The event has roiled Bangladesh. There have been worker protests, a number of other factories have been closed at least temporarily, and the owner of Rana Plaza was arrested and faces murder charges.

Those poor labor conditions within Bangladesh’s enormous garment industry have had consequences around the globe. Rana Plaza workers helped supply major European and North American chains, and there’s increased pressure on these companies to help improve safety standards in the global garment industry. Unfortunately, not everyone is getting with the program.

And many consumers, including me, have started to take a hard look at those innocent-looking outfits hanging in our closets or stuffed in our drawers. What, exactly, are we buying into?

Now I’d like to be able to give myself a pat on the back when it comes to sustainable or ethical fashion. After all, I buy the majority of my clothes at thrift or secondhand stores.
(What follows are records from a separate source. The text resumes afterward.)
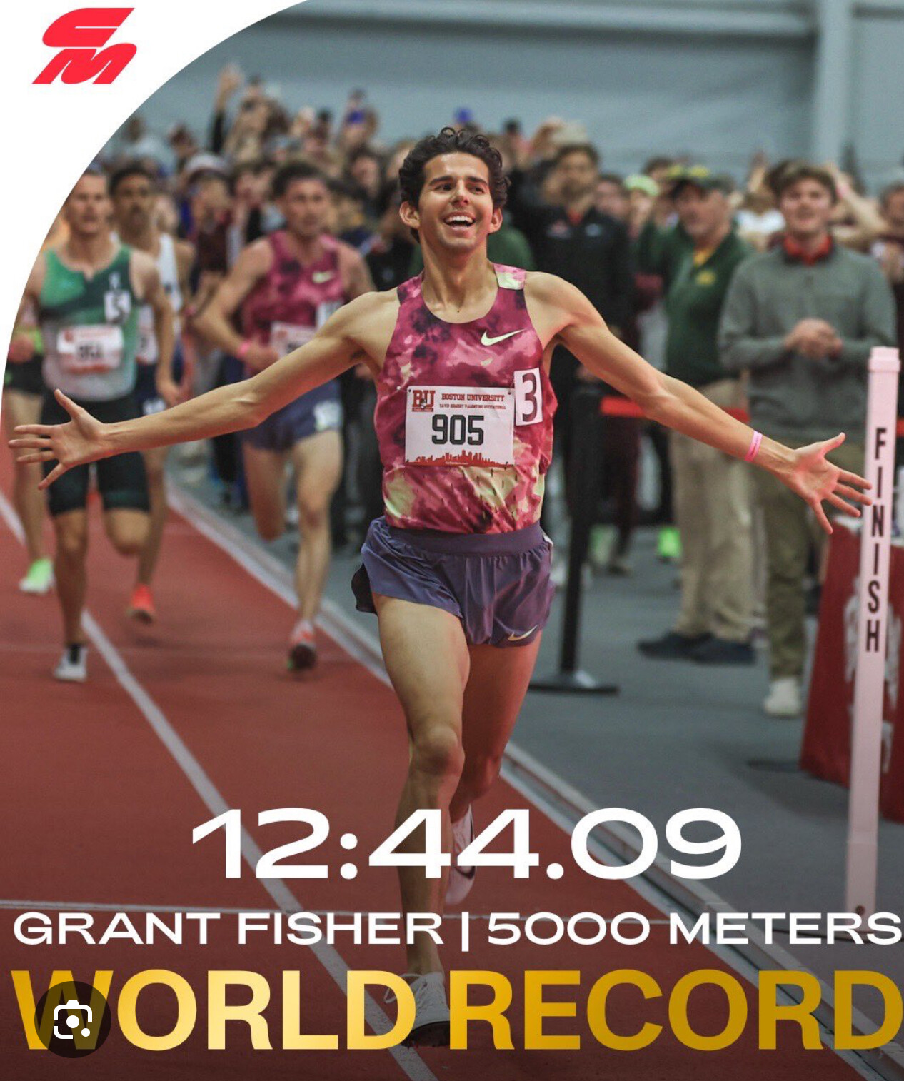 The U.S. 5,000m and 10,000m record holder Grant Fisher finished fifth with a new indoor 3,000m personal best of 7:35.82.
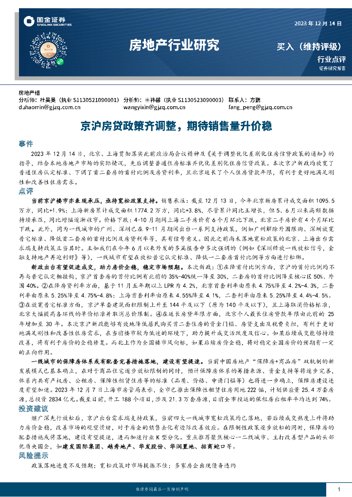 国金证券:房地产行业研究:京沪房贷政策齐调整,期待销售量升价稳.pdf
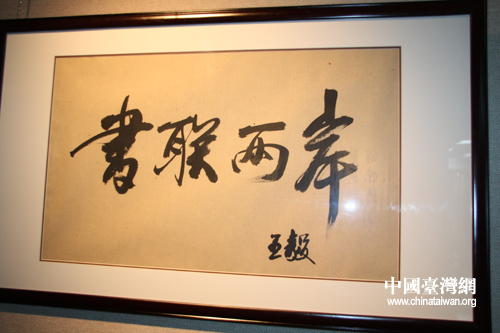 海協(xié)會會長陳云林書法作品“秦篆漢隸書兩岸關系 魏碑唐草寫民族復興” (中國臺灣網 李桂英 攝)
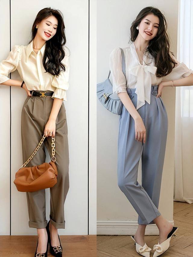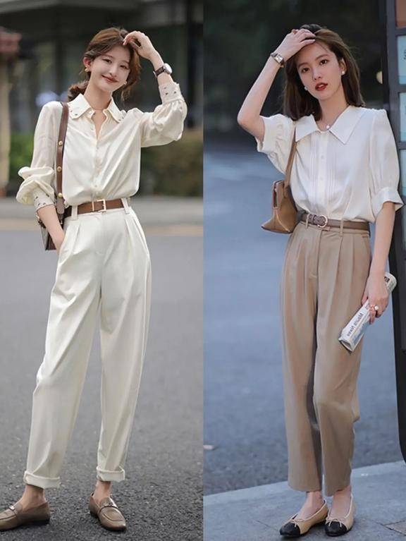 夏季穿搭当中有几种非常非常标准的常规穿搭示范,如果你不太擅长职场上的穿衣搭配,又不想要浪费时间自己去研究,那就可以直接照抄照搬这种常规的搭配方式,第一种就是衬衫搭配西装裤的方式,衬衫可以选择正肩白衬衫,也可以选择带有领结的白衬衫,下半身搭配西装裤或者是铅笔裤的时候可以适当的尝试亮色系,但是视觉攻击性不能太强。

Yes, even shoes. But I can’t say that concern over the clothing supply chain drove me to it. I started thrifting in high school because I wanted to look cool, like my older brother’s girlfriend at the time, Heidi.

Heidi was a madly savvy thrifter, but she was actually concerned about ethical consumerism. She dug up a copy of Diet for a Small Planet by the early eco-foodie Frances Moore Lappé, and stressed the reuse and reduce angles of the holy environmental trinity. She also worried that her Mennonite family had strayed from its social values in favor of conspicuous consumption. Heidi was smart and persuasive, so I kind of paid attention to her ideas. But mostly I made note that replicating Diane Keaton’s preppy menswear style in Annie Hall was going to be dead cheap at a church rummage sale.

And so, driven more by the thrill of a good find than a set of good politics, I’ve kept going to the thrift store. But that’s not to say I haven’t picked up a few insights along the way.

One way of weeding out the real retro clothing from the Old Navy clones is to take a look at the label. If it says “Made in America” then chances are I’m looking at a garment that dates back to at least the 1980s.  Up until then, locally made clothing was easily available. And if the dead-stock price tags I’ve stumbled across are any indication, it was also affordable. And not just the polyester stuff. We’re talking quality clothes, made from cotton, linen or silk. I often wonder if that’s because they were produced simply: I’m struck by how low-tech the actual assembly of many of these garments appears. More than once when I’ve taken an older dress to be altered, the seamstress has mistaken something factory-made for a hand-sewn garment.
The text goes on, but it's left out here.